A Speaker’s Bureau was constructed under the Central Mass Health Literacy Project to facilitate community access to health literacy topics. The Green Nursing Project is an initiative to educate hundreds of nurses about Environmental Health Literacy topics and Inspire them to take Personal and Professional Action. The Green Nursing Project includes Hands-on Interactive Workshops to introduce participants to chemicals in consumer products, adverse health effects, and risk reduction strategies.

Which is the primary factor influencing running stride parameters: age or lower limb strength?

Carl Jewell, University of Massachusetts Amherst
Eric Rohr, Brooks Sports, Inc.
J. Hamill, University of Massachusetts Amherst
Katherine A. Boyer, University of Massachusetts Amherst

12:30 PM

Much still remains unknown about the impact of age, and age-related changes in muscle function, on gait parameters. The aim of this study was to examine the impact of strength on running gait parameters across the adult lifespan. We tested the hypothesis that a greater amount of the variance in peak hip, knee and ankle sagittal plane moments would be explained by peak isometric joint torques as compared to age. Twenty-four healthy adults, ages 20-66 years, completed 5 trials on an overground 20-meter runway at a standardized velocity of 3.5 ms-1 (± 5%). Participants performed maximal isometric plantar flexion and knee extension for three contractions lasting three seconds each. Linear regression analysis between strength, age, and moments were performed. At the ankle, age alone explained 14.4% of the variance in the peak ankle joint moment. There was not a significant increase in the variance explained when strength was added to the model. At the knee, neither age nor strength explained a significant portion of the variance in peak knee moments. However, together age and strength explained 27.9% of the variance in the peak knee moment. No significant associations were found between the hip moments and either knee and ankle strength. These results suggest that other age-related physiological changes may drive changes in gait mechanics more so than maximal torque production. A more dynamic measure of muscle function, such as power or isokinetic torque at varying speeds may have greater predictive value for gait performance.

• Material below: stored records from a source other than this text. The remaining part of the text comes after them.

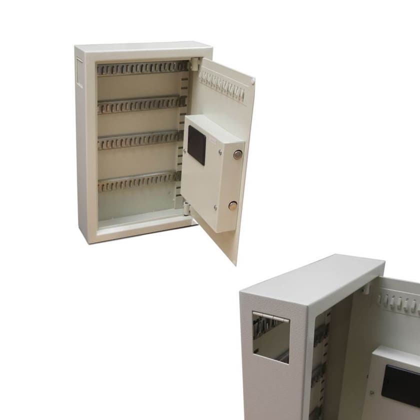 Nyckelskåp med omprogrammerbart elektroniskt kodlås. Skåpet har plats för 100 nycklar. Utrustat med ett praktiskt nyckelinkast på sidan av skåpet.
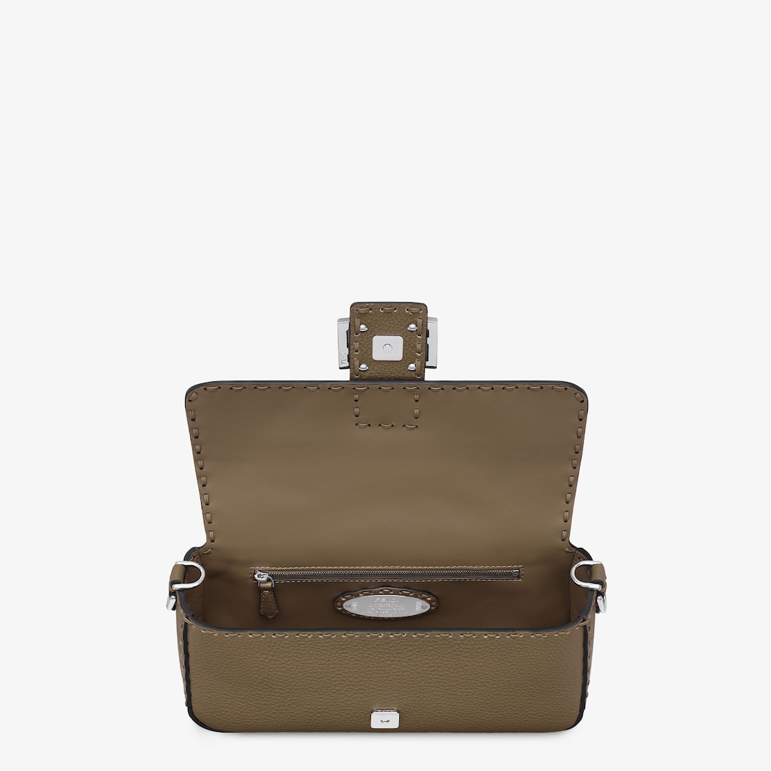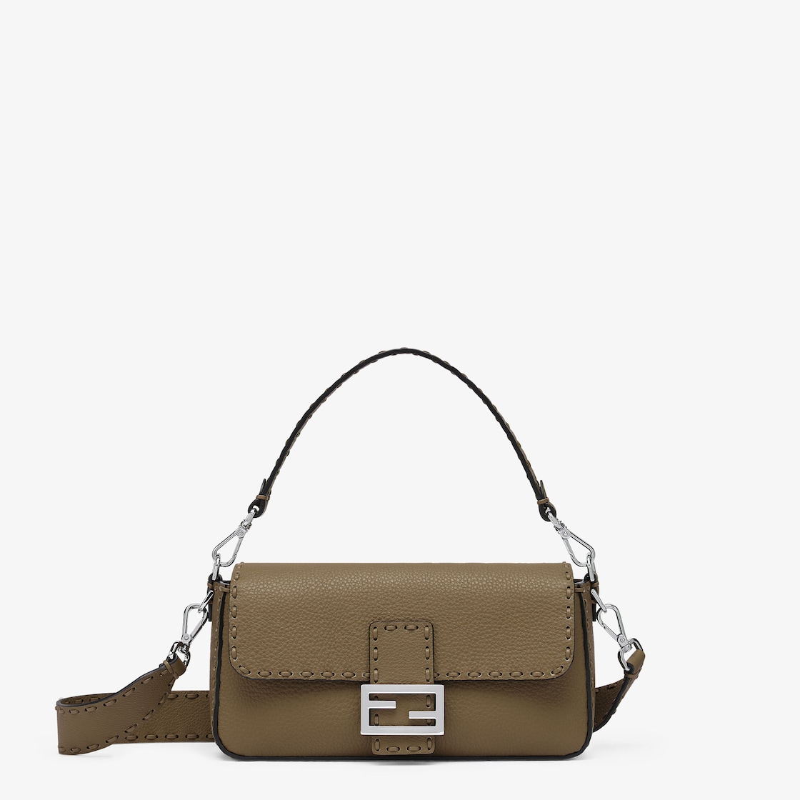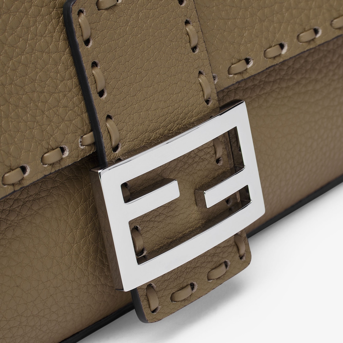 Medium, iconic Baguette bag made with 612tone-on-tone macro topstitches, an emblem of the iconic Selleria workmanship handed down through generations of Fendi artisans since 1925.
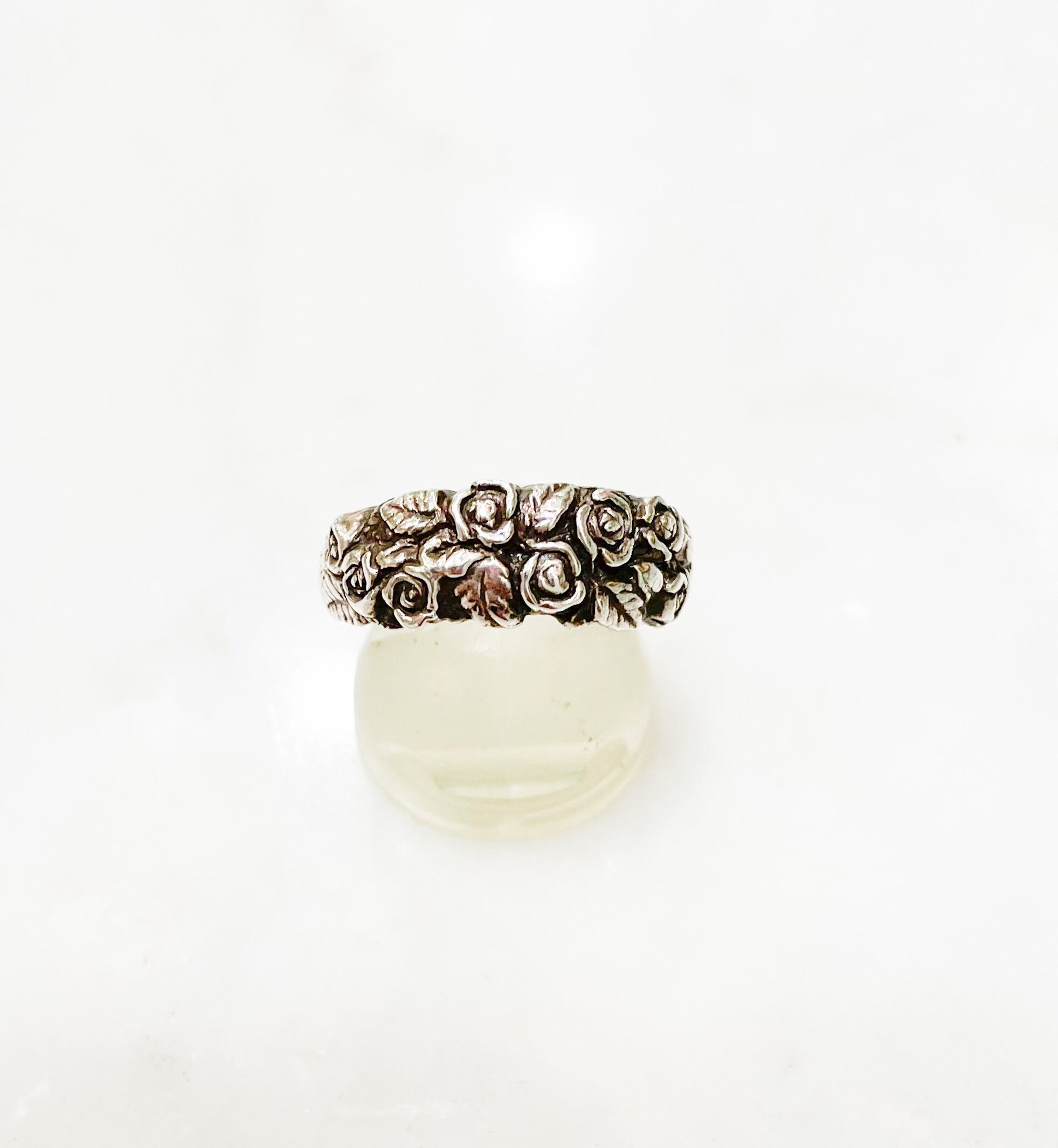 センターに向かって少しだけ幅が太くなっていくシルバーリングに彫り込まれているのは、薔薇の模様。
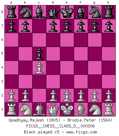 Last move : 0-1 2025 November 10 15:14:8 [Event "FICGS__CHESS__CLASS_D__000306"] [Site "FICGS"] [Date "2025.09.17"] [Round "1"] [White "Upadhyay,Rajesh"] [Black "Brodie,Peter"] [Result "0-1"] [WhiteElo "1805"] [BlackElo "1564"] 1.c4 c5 2.Nc3 Nc6 3.Nf3 Nf6 0-1 This chess game has been lost on time (started : 2025.09.17 14:52:51) Follow this game move after move (download)In Fischer's hands, a slight theoretical advantage is as good a being a Queen ahead. (Isaac Kashdan) Wenn Dein Gegner dir ein Remis anbietet, versuch herauszufinden, weshalb er glaubt schlechter zu stehen. (Nigel Short) Tu eres para mi la Reina en d8 y yo soy el Peón en d7!!. (GM Eduard Gufeld) Le temps de noter son nom sur la feuille de partie, j'étais déjà en zeitnot ! D'un modeste amateur apparié lors de la première ronde d'un open contre le grand-maître Azmaïparashvili. Hello Thibault, if I have had a plan (and I had one, I hope), I have forgotten it during the last week... - Hello Heinz-Georg. What do you mean a plan ? (Anonymous players, during a Big Chess game)
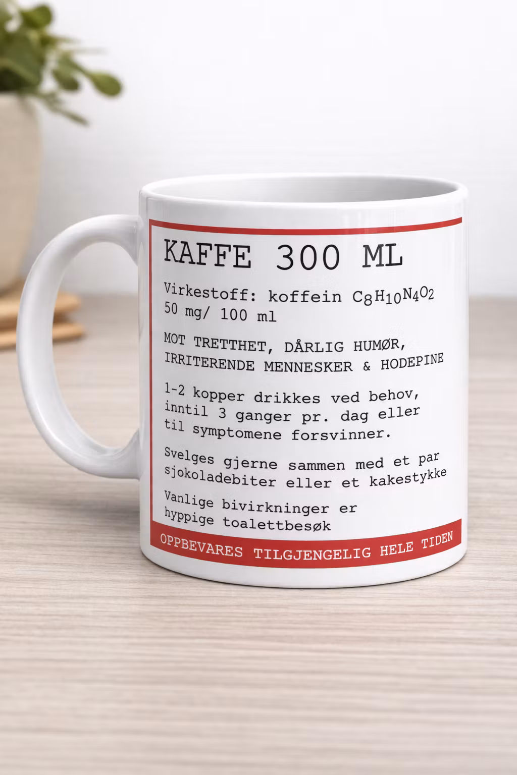 Resept: kaffe, kopp På lager 229,- KJØP Kopp med print! :) Rommer ca. 325 ml.Tåler oppvaskmaskin og mikro.
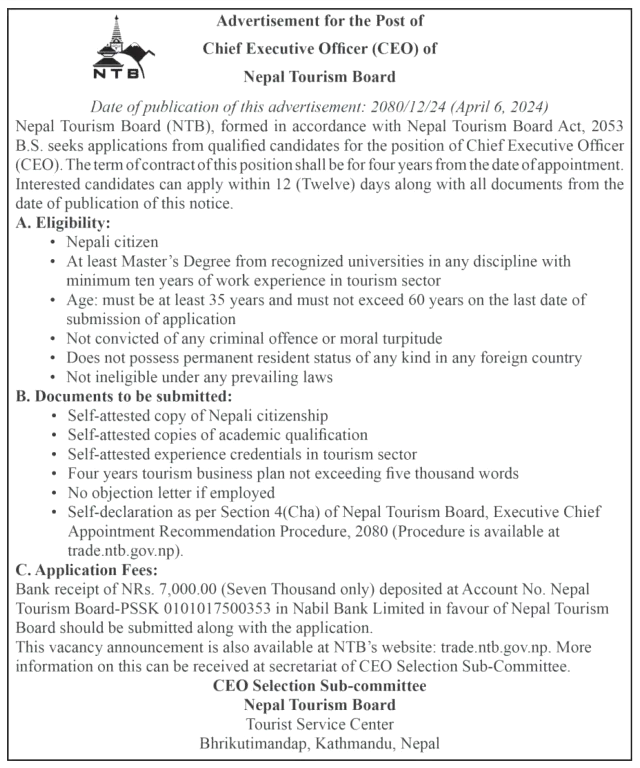 काठमाडौं । नेपाल पर्यटन बोर्डले लामोपछि रिक्त रहेको प्रमुख कार्यकारी अधिकृत (सीईओ) पदका लागि आवेदन माग गरेको छ ।
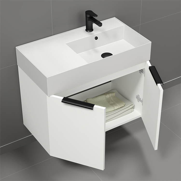 32 Inch Wall Mount Glossy White Bathroom Vanity Cabinet With Black Handles.
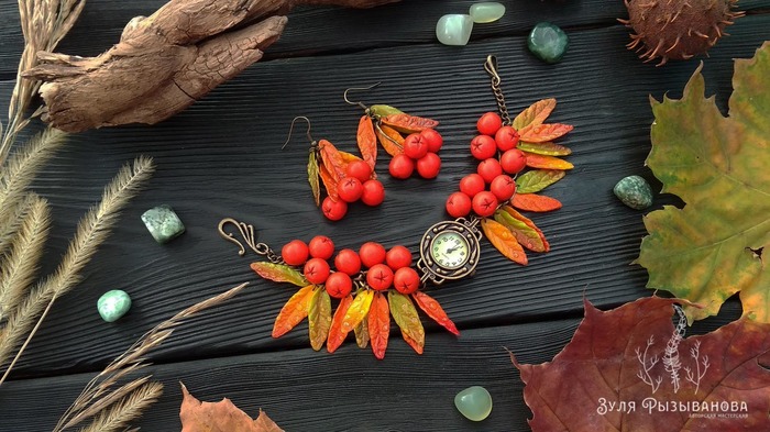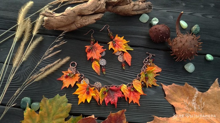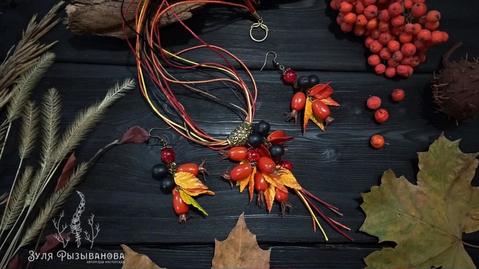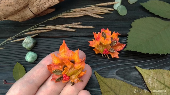 Дело было осенью, было сыро и серо. Но в мастерской то всегда уютно, всегда красочно, светло и радостно. Случился в мастерской "листопад" ))) Ну а я не растерялась, все листочки да ягодки собрала и приспособила в красоту для девушек.
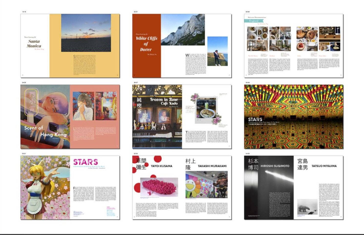 The content, including original writing and photography, was contributed by myself, friends, peers, and carefully sourced online materials. Visually, the magazine is structured using a clean two-column grid system. Typography varies thoughtfully by topic, complemented by a custom-designed typeface crafted specifically for the title “Kaleidoscope,” adding a unique and cohesive identity to the publication.
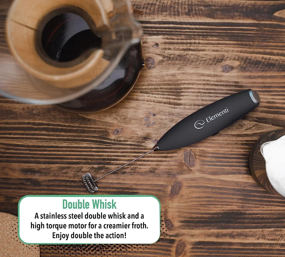 Store New Arrivals Add to Favorite View Feedback Contact Elementi Milk Frother Wand with Double Whisk - Coffee Frother Electric Stirrer - Matcha Whisk & Drink Mixer Handheld - Hand Held Milk Frother & Electric Whisk for Coffee (Black) Description Item model number MF-NOSTNDDBLWSK-BLK Style Electric Power Source Battery Powered Color Black Brand Elementi Material Stainless Steel Country of Origin China Item Weight 2.89 ounces Model Name MF-NOSTNDDBLWSK-BLK Recommended Uses For Product Mixer Number of Batteries 2 Included Components Stainless Steel Whisk Special Feature Ergonomic Handle Package Dimensions 9.29 x 2.17 x 1.65 inches Product Care Instructions Hand Wash Only Manufacturer Elementi PERFECT FOAM EVERY TIME: With the specially crafted double whisk, this handheld frother creates the ideal foam for your favorite beverages. WORKS IN UNDER 30 SECONDS: Enjoy rich and creamy froth in seconds with handheld milk frother. This compact and portable device is easy to use and clean, making it perfect for everyday use. ELEVATE YOUR COFFEE EXPERIENCE: With our electric whisk for coffee, you can enjoy café quality drinks in the comfort of your home. Easily craft cappuccinos, macchiatos and more with this convenient and versatile handheld frother. MORE THAN COFFEE: Make matcha tea, powder mixes, protein powder and more. We’ve spent hours testing and honing to ensure you can use the Elementi frother for nearly anything. NO-HASSLE QUALITY GUARANTEE: We guarantee the highest quality of our double milk frother and offer a money-back or replacement guarantee in case of any problems with the product. You can confidently buy with full confidence in its quality and performance. Product Description Elementi Milk Frothers 1 Powerful Motor 2 Double Whisk 3 Versatile Cappuccino In under 30 seconds, you'll have a thick, creamy foam that can be used to make lattes, cappuccinos, macchiatos and so much more. Matcha Tea Coffee not your thing? Use the Elementi Milk Frother to make matcha tea in seconds without the work of a bamboo whisk. Hot Chocolate And for the kids (or, let's be real, for yourself) you can even make whipped hot chocolate! Bulletproof Coffee Great for bulletproof coffee! Just add coffee to melted butter and whisk for 30 seconds to enjoy a smooth blend. Compare Elementi Milk Frothers Stainless Steel Whisk ✔ ✔ ✔ ✔ ✔ ✔ Stand ✘ ✔ ✘ ✘ ✔ ✔ Stainless Steel Whisk Stainless Steel Double Whisk Stainless Steel Single Whisk Stainless Steel Single Whisk Stainless Steel Single Whisk Stainless Steel Double Whisk Stainless Steel Single Whisk Batteries Included ✘ ✘ ✘ ✘ ✔ ✔ Power Source 2 AA Batteries 2 AA Batteries 2 AA Batteries 2 AA Batteries 2 AA Batteries 2 AA Batteries Motor High Torque Motor High Torque Motor Extremely High Torque Motor High Torque Motor High Torque Motor High Torque Motor Operation Button Press and hold to operate Press and hold to operate Press once to turn on Press and hold to operate Press and hold to operate Press and hold to operate ABOUT US We offer the best prices around on high quality products. Our E-store includes media such as books, movies, music and games while offering electronics, toys, sporting apparel, clothing, tools, general home, garden items and more. SHIPPING We are always working hard to ensure your package arrives as soon as possible. Please understand that some factors like weather, high postal traffic, and the performance of shipping companies are outside of our control. We offer free shipping to the lower 48 states and ship within 2 business days of payment, usually sooner. We do not accept P.O. Boxes. Please provide a physical address. RETURNS We offer a 30-Day Return Policy on items which you are not completely satisfied with. You have the option for a full-refund or an exchange of the item. No returns are available on items shipped outside of the USA. PAYMENT We accept PayPal. CONTACT US This page content is yet to come Please ad us to your favorite seller and visit again later Thank You CUSTOMER SATISFACTION We try our very best to make sure every customer is completely satisfied. If there's a problem, message us! We're happy to help.
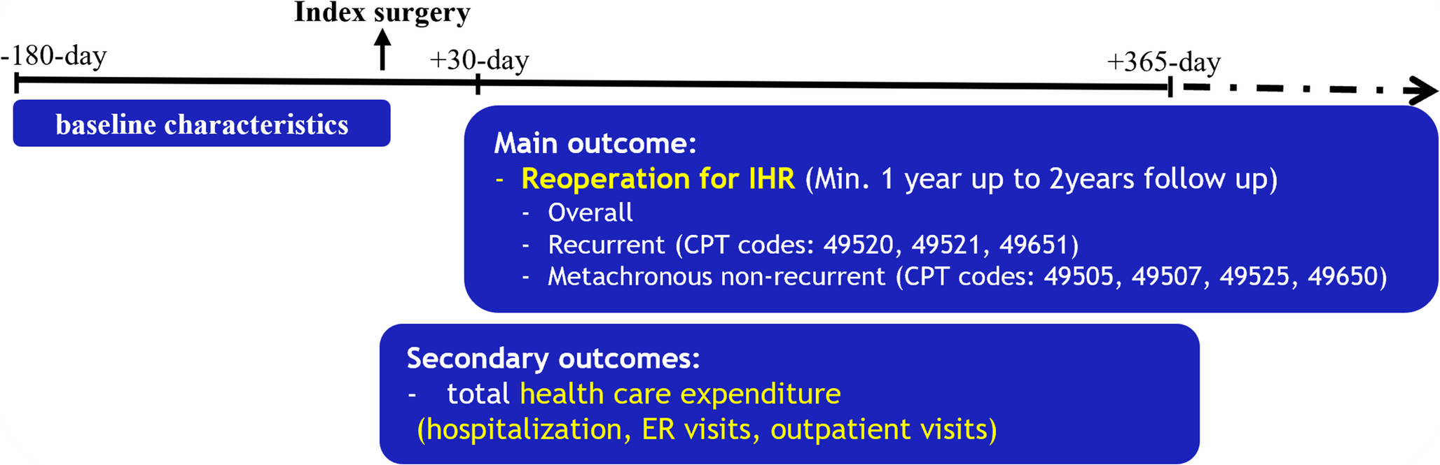 The primary outcome for this study was any metachronous reoperation for inguinal hernia repair from at least 30 days after the initial repair up to 2-years. Metachronous reoperations were identified using presence of any CPT code for IHR (recurrent repair: 49520, 49521, 49651, and other non-recurrent repair: 49505, 49507, 49525, 49650). Rates of recurrent inguinal hernia repair (49520, 49521, 49651) and non-recurrent inguinal hernia repair (49505, 49507, 49525, or 49650) were further assessed separately. Secondary outcomes assessed were total healthcare expenditure during the index operation, and up to 2 years after the initial repair. Expenditure was defined as total payments made by insurance and by patients out-of-pocket for healthcare services provided.
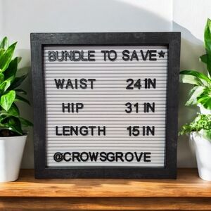 Dimensions: XS size, waist 24 inches, hip 31 inches, length 15 inches
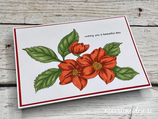 Pozdravljeni v sobotno jutro, ta teden izdelujemo voščilnice po skici. Na moji je osrednji element venček.
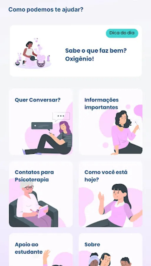 The Mais Um Dia app aims to promote preventive care and mental health literacy. This tool developed by the Federal University of Tocantins also offers guidance with health professionals, daily health tips, a screening test for symptoms of depression, anxiety and stress and information about services offered by UFT. This app is not for medical or diagnostic purposes.
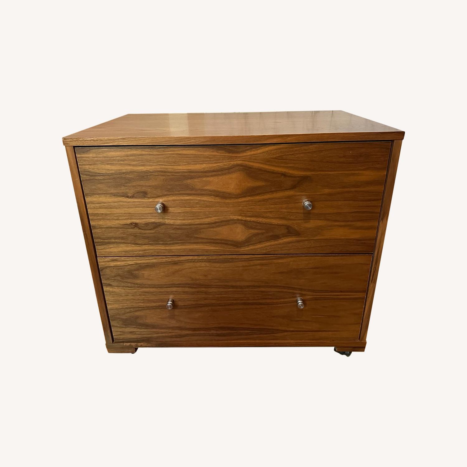 Seller's Notes:I purchased this file cabinet directly from Room & Board approx. 10 years ago. Similar to the Hudson or Sequel current models from R&B, 30' wide though. It's still in great shape for it's age. All hardware works perfectly, drawers slide smoothly and wheels are in good shape. It's heavy and made of solid wood w/ walnut veneer. Veneer blemish on the bottom left corner, 2 minor veneer chips on the backside (top right & bottom left corners), 1 very small corner dent on the front left as seen in the photo.
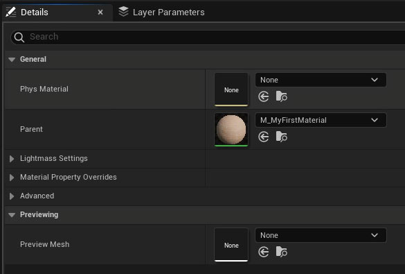 Open the Material Instance by double-clicking on it, this opens up Material Instance Editor. Initially, no editable properties will appear because no parameters are defined in the Material.
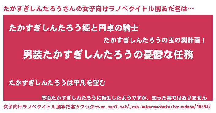 | 男性向けラノベタイトル風あだ名 | 『うちのたかすぎしんたろうが世界を掌握している!』 |
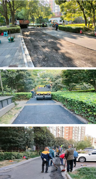 作为新入驻的物业服务团队,德和行物业入场伊始便深入小区走访调研,发现部分主次干道及单元门口路面因常年使用,出现了不同程度的裂缝、坑洼,雨天积水、晴天扬尘,给居民出行带来诸多不便,尤其是老年业主和学龄儿童的通行安全令人担忧。业主的诉求就是工作的优先级,服务处第一时间向小区业委会报备、协商,当了解到动用小区公共收益维修道路事宜已经得到业主代表大会表决同意后,立即组建专项工作小组,对破损路面进行全面排查登记,结合小区通行流量、路面破损程度等实际情况,与小区业委会一起制定维修方案,公开选聘施工单位,明确施工流程、安全规范及时间节点,力求以最高效率解决业主出行难题。
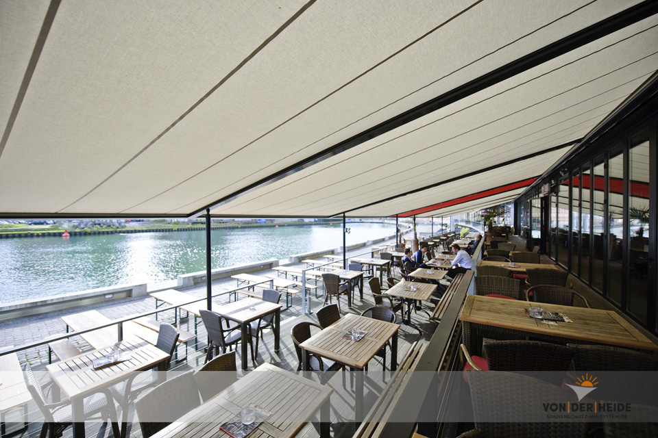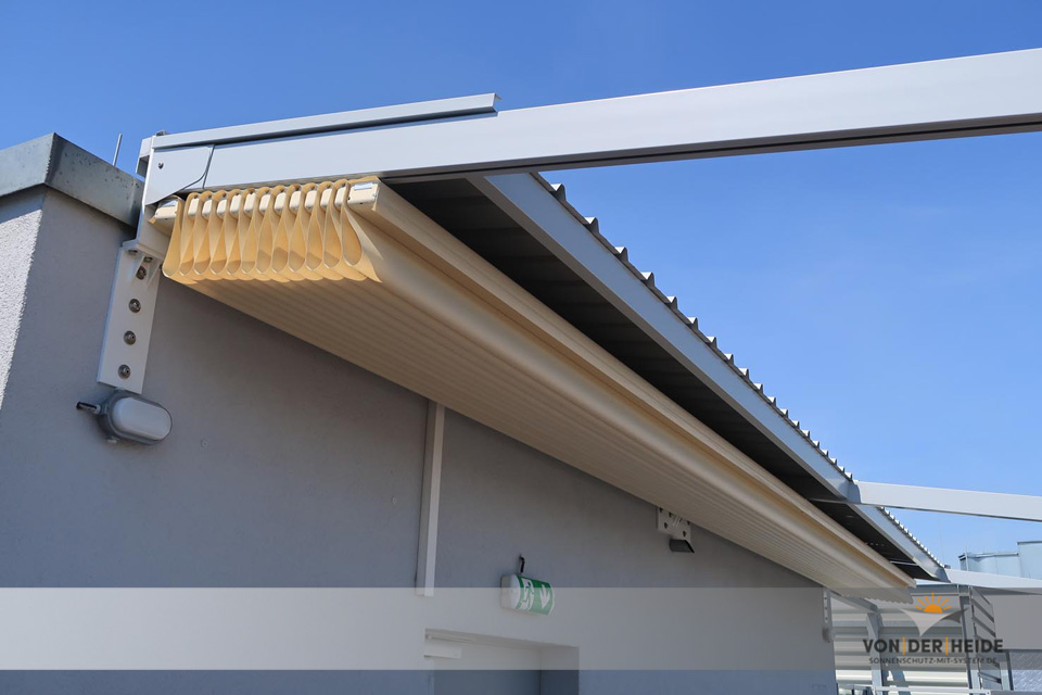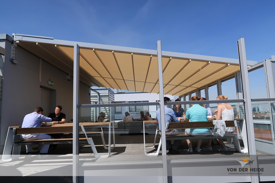 Pergola-Markise auf Dachterrasse einer Firma in Hamburg mit einseitiger Höhenabsenkung

Workplace Predictors of Perceived Quality of Care in Nursing homes

Winnie Chin, University of Massachusetts Lowell
Laura Punnett, University of Massachusetts Lowell
Rebecca Gore, University of Massachusetts Lowell
Laura Kernan, University of Massachusetts Lowell

12:30 PM

Nursing home quality of care (QOC) is a matter of public concern and public policy. Higher nurse-to-patient ratios have been shown to decrease rates of adverse outcomes. Positive nurse-doctor relationships also have a positive effect, which might translate to other clinical staff, such as nursing aides, who perform the majority of direct care tasks in nursing homes. This cross-sectional study examined whether workplace factors in nursing homes were associated with QOC as evaluated by staff members themselves. Surveys were distributed to personnel in 24 nursing home facilities in the Northeast U.S. A total of 1463 respondents provided ratings of QOC and 14 work environment features. Analyses included correlations, Cronbach’s alpha, and principal components analyses (with rotation) to examine psychometric properties of predictor scales and reduce multicollinearity. A multivariable model of QOC was built using all potential workplace factors to determine which factors contribute to self-reported QOC, with removal of those covariates that were not significant (p>0.05), decreased the model fit, or showed a confounding effect (>15% change in other coefficients). The final model showed that perceived commitment and obstacles to safe-lifting programs, respect and support between coworkers and supervisors, adequacy of staffing, physical exertion, safety climate, and psychological demand, were significant contributors to staff-assessed QOC. Nursing homes should consider cultivating these work environment characteristics for the benefit of both direct-care staff and the residents for whom they provide care.